I've been having trouble sleeping for a few months now, corresponding with the news that I was going to lose my job. When things are going well and my stress level is low, I'm good for about 6.5 - 7 hours during the week, and maybe 8 on the weekends. I used to think that I needed more sleep during the week, but shooting for 7 seems to work, and I don't feel like my body is run down for it.
When I'm tweaked out about something, or everything, I usually can fall asleep OK, and then I wake up every couple of hours. Sometimes I'm up for an hour or two tossing and turning. Worse is the sort of half-sleep buzz where my eyes are closed, but my mind is going going going, and I feel exhausted the next day.

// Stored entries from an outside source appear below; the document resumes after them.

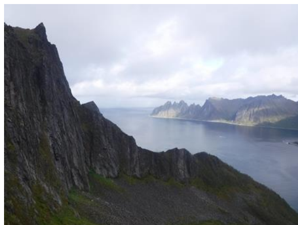
(HUSFJELLEN(フュースフィレ) 632m 山頂近く)

12時30分着。狭い山頂には先ほどの5人のグループがいました。素晴らしい眺めです。セニヤ島のフィヨルドに聳える山々が広がります。標高は低く、632mですが海拔0mから立ち上がる山は垂直に近く、恐ろしいほどの緊張感がありました。北極圏の風が強いので、写真を撮って下山開始。風の弱い窪地を探しランチです。5人組の登山者も近くの窪地で食事をしていました。「イーグルだ」と一人が叫びました。その方を見ると確かに大きな翼を広げた猛禽類がゆっくりと空を舞っています。ゆったりとした舞いを呆然と眺めました。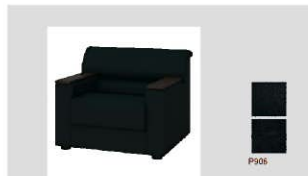
2 安楽イス／肘木付 数量：18台 サイズ：900W800D730H 設置場所：町長室・正副議長室・副町長室等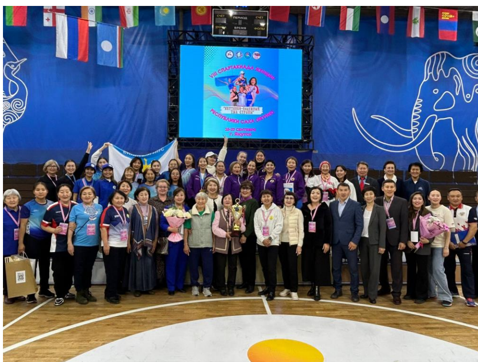
Рисунок 38. Фото на память после подведения итогов VIII Спартакиады женщин РС(Я), 25-27.09.2024 г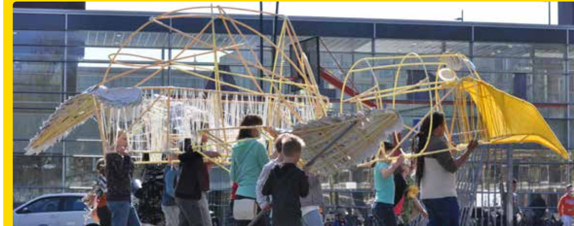
De adelaar wordt gepresenteerd op de Beestenmarkt

de Beestenmarkt liepen de kinderen, met de hulp van buurtbewoners (want hij was toch wel een beetje zwaar), samen trots over het plein. De vleugels bewogen mooi door de lucht. Het was bijna of de adelaar zweefde. Wil je dit nog eens bekijken, ga dan naar: https://vimeo.com/215202142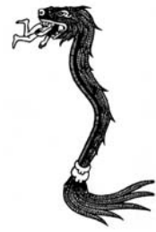
Inime kaob mao kurku, Mehhiko.

Võimalik, et nii seda kui teist – näiteks udmurdi uskumuste kohaselt tuleb päikesekera kuuvarjutus sellest, et õhus lendav tulemadu ahmib tulise taevakeha suhu ja kui see teda põletama hakkab, sülgab uuesti välja (Lintrop).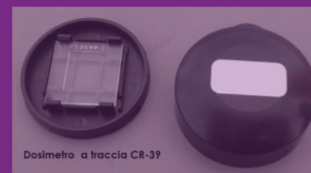
Dosimetro a traccia CR-39

Per ulteriori informazioni sul radon in generale: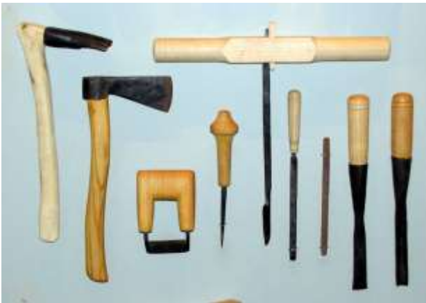
Hjemsted - jernalderkopier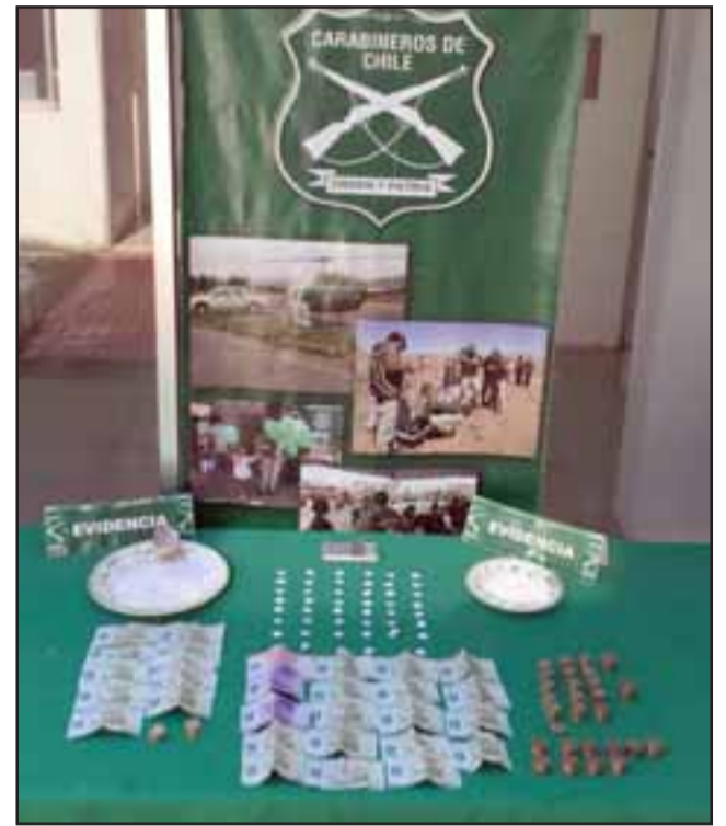
Procedimiento fue efectuado por personal de OS7 de Carabineros Aconcagua, incautando diversas cantidades de pasta base de cocaína desde dos domicilios de Villa Departamental de San Felipe.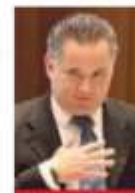
Santiago Nieto, de la UIF, investiga.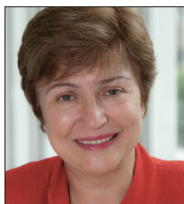
KRISTALINA GEORGIEVA 世行副行长兼秘书长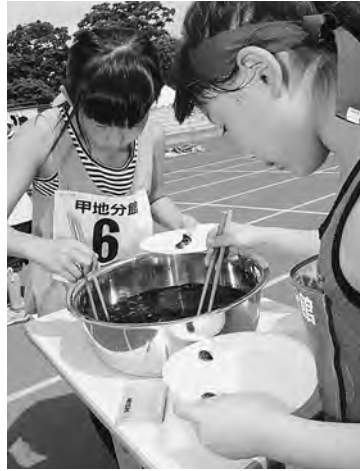
箸の使い方がキーポイント。しじみ採れた？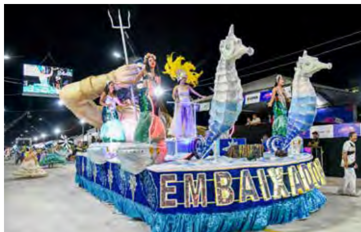
A Embaixadores do Samba homenageou a divindade Iemanjá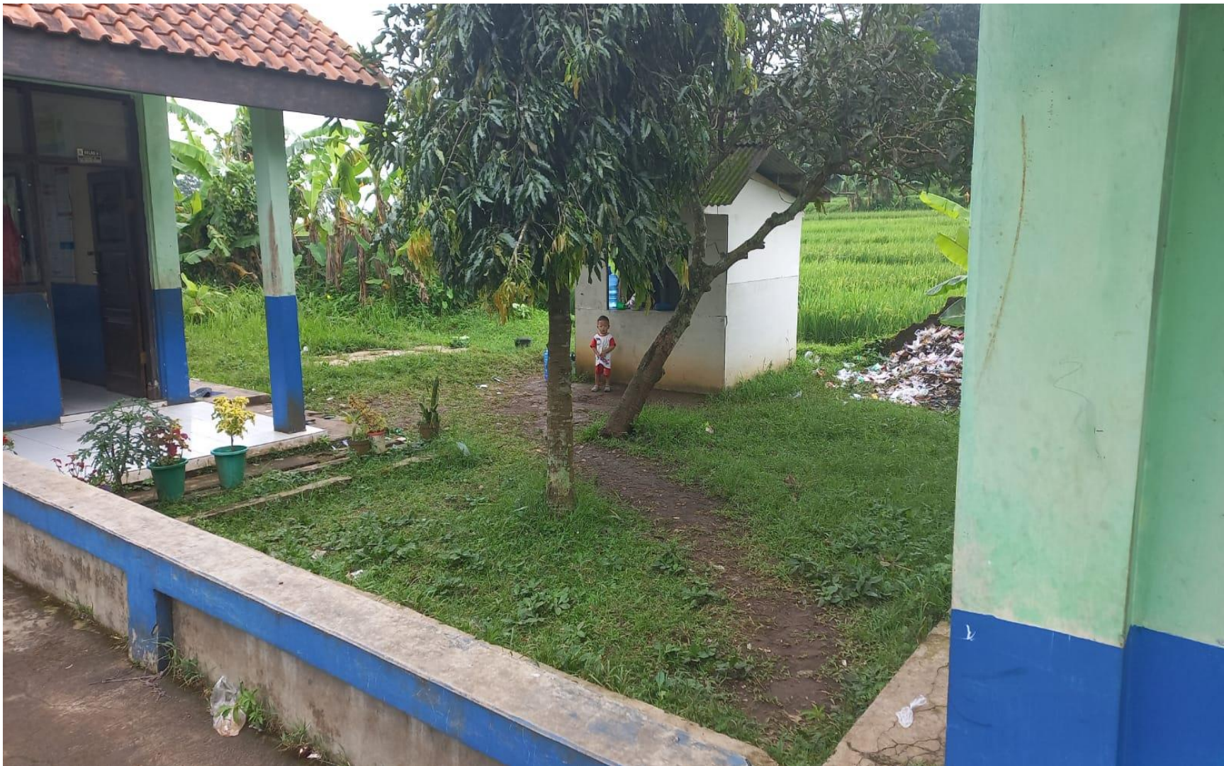
FOTO RENCANA PEMBANGUNAN RUANGAN UKS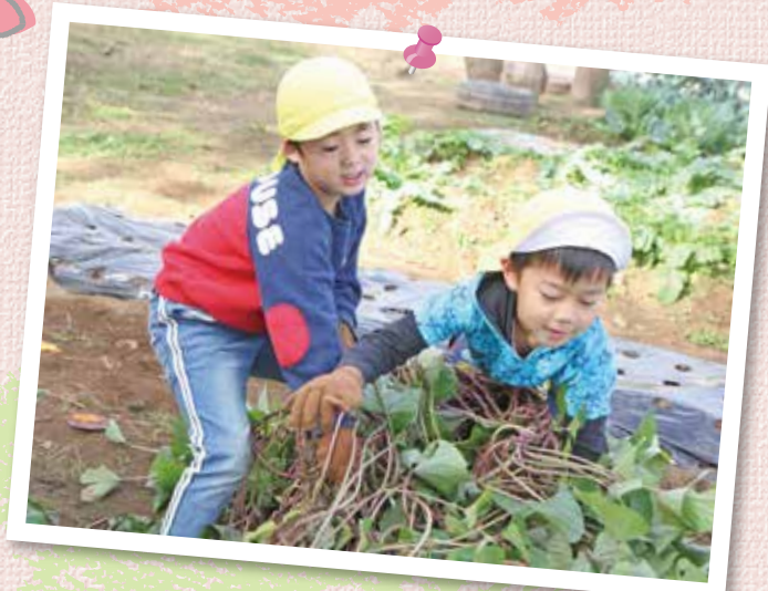
由田学園千葉幼稚園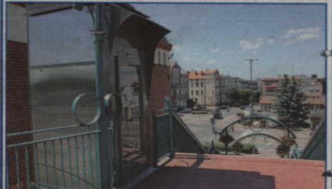
Drgania wywołane przez ciężki sprzęt powodowały awarie wind.

Windy przy kładce dla pieszych nad torami kolejowymi, łączącej ulice Kościuszki i Grunwaldzką, zostały wyłączone. Powodem praca ciężkich maszyn używanych przy wyburzeniu przejścia podziemnego łączącego perony kolejowe.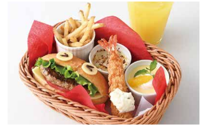
Kids Basket キッズバスケット スマイルハンバーガー、エビフライ、フライドポテト、 チキングラタン、プリン、オレンジジュース ¥950

原材料に小麦・乳成分を含む / Allergen advice: Wheat, Milk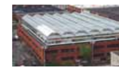
HUERTOS EN AZOTEAS PARA COMERCIO HAC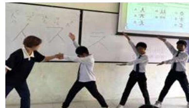
받침 글자 몸으로 표현하기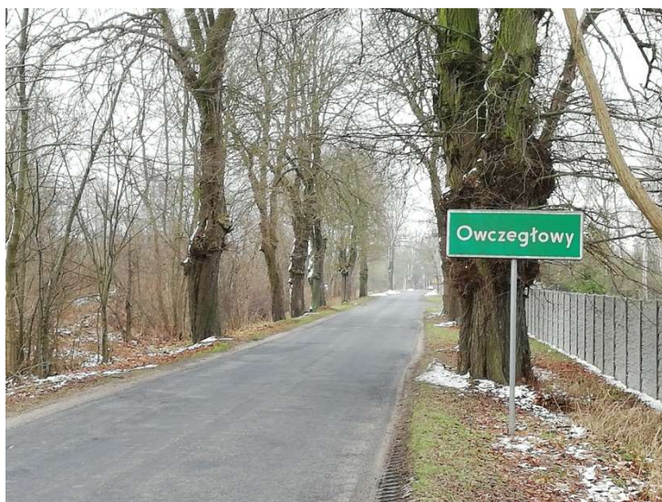
Zdjęcie nr 1 – Wjazd do miejscowości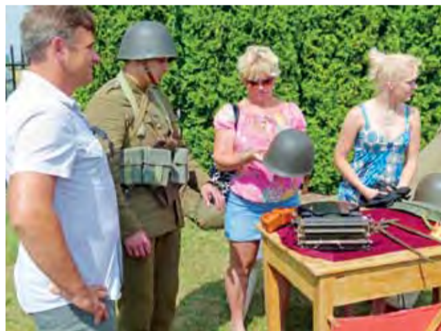
Dziesiątki z Łowicza pokazują historię na żywo. Wszystkiego można dotknąć i obejrzeć.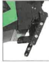
PZA-101 Přední třibodový závěs kategorie ISO-730/1N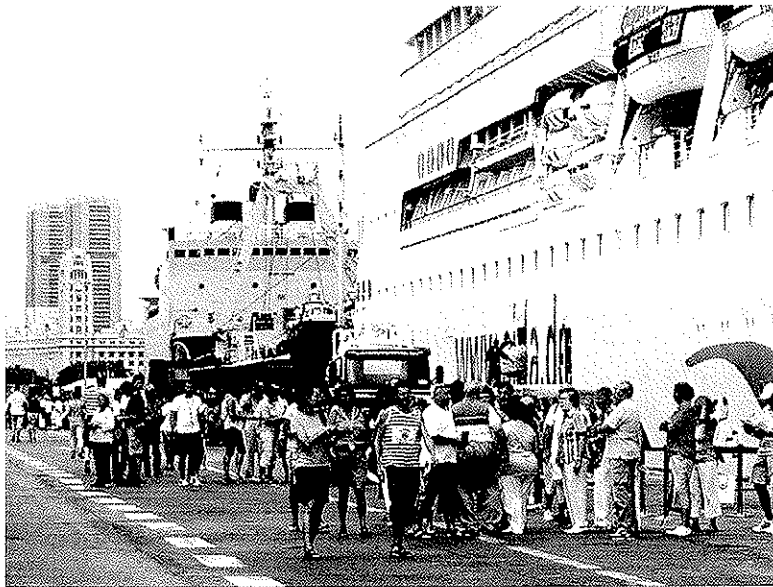
UN GRUPO DE TURISTAS se dispone a visitar Santa Cruz durante la escala de un crucero.

Del mismo modo, el también titular de la Federación de Centros de Iniciativas Turísticas de Tenerife (Feciten) abogó por una modificación en los horarios comerciales de la zona centro con el obje-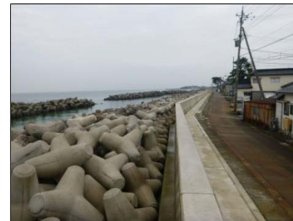
消波ブロックの設置や堤防嵩上げによる越波の防止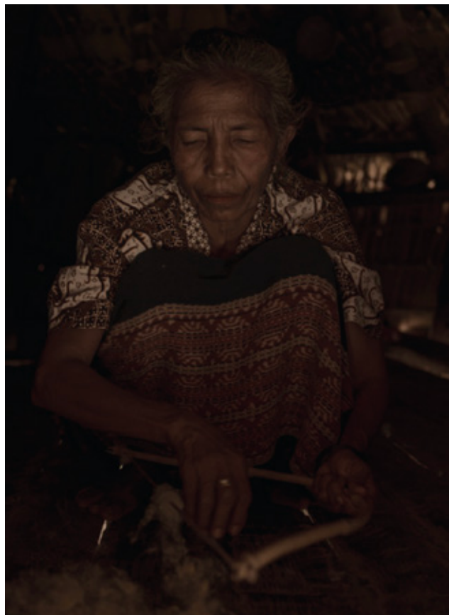
Making Clouds, Savu

Het onderzoek bracht ook andere patronen aan het licht. Deze patronen, zichtbaar in zowel textiel als in de bredere cultuur en architectuur, gaven inzicht in de invloed van de omgeving op het dagelijks leven en handwerk.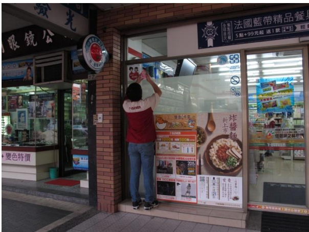
商店張貼本校愛心服務站情況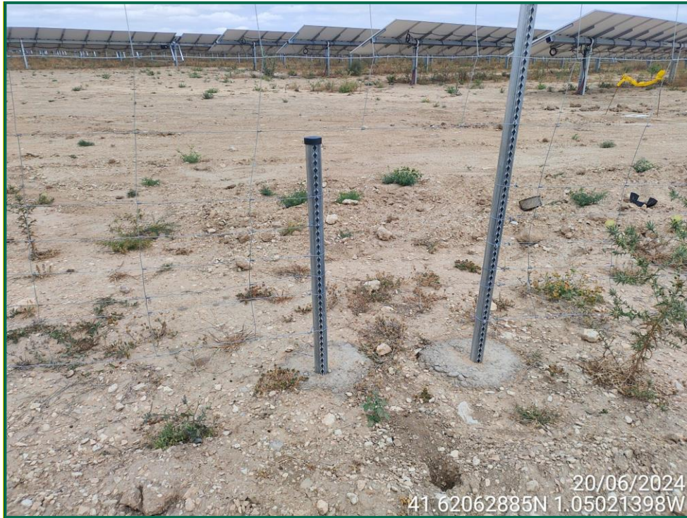
Fotografía 13. Espaciado cinegético.

You'd think, now that my job situation is secure for the next year, that I'd be sleeping like a rock. Or like my dog, who seems to be able to sleep anywhere, any time. But no, I've been beset by the same stuff. I know that part of this is nerves associated with the beginning of a relationship, and that's fine and expected. But by and large, there's this hum of... what? Anxiety, I guess, about finding the job after this one, and I'm not sure what else.
Ack! So I was up at 2 and 4 this morning, with my alarm set for 5:30 (as usual). At 4 I tried my Jedi mind tricks of visualizing punching numbers on a keypad and naming things alphabetically. These things sometimes work to occupy my mind so I can fall asleep. What do I name alphabetically? Well, for a long time it was (don't laugh now) the latin names of wildflowers. You did laugh, darn it. For the last couple of days, it's been spices. Any spices with the letter J? I'll have to get my Penzey's catalog at some point and see if there are any...
These things did not work, but I did get myself all worked up (tears included) over the frustration of being awake when I'm supposed to be resting. My mind, my enemy at that moment. Breathe! Yes, breathing, that's it. No, that wasn't it. More tears.
And then it occurred to me: how about I behave today as if everything is going to work out? How about if I proceed as though things will proceed as they should?
This ended up calmed me down. I'm happy to say that, at least for the moment, I feel much better.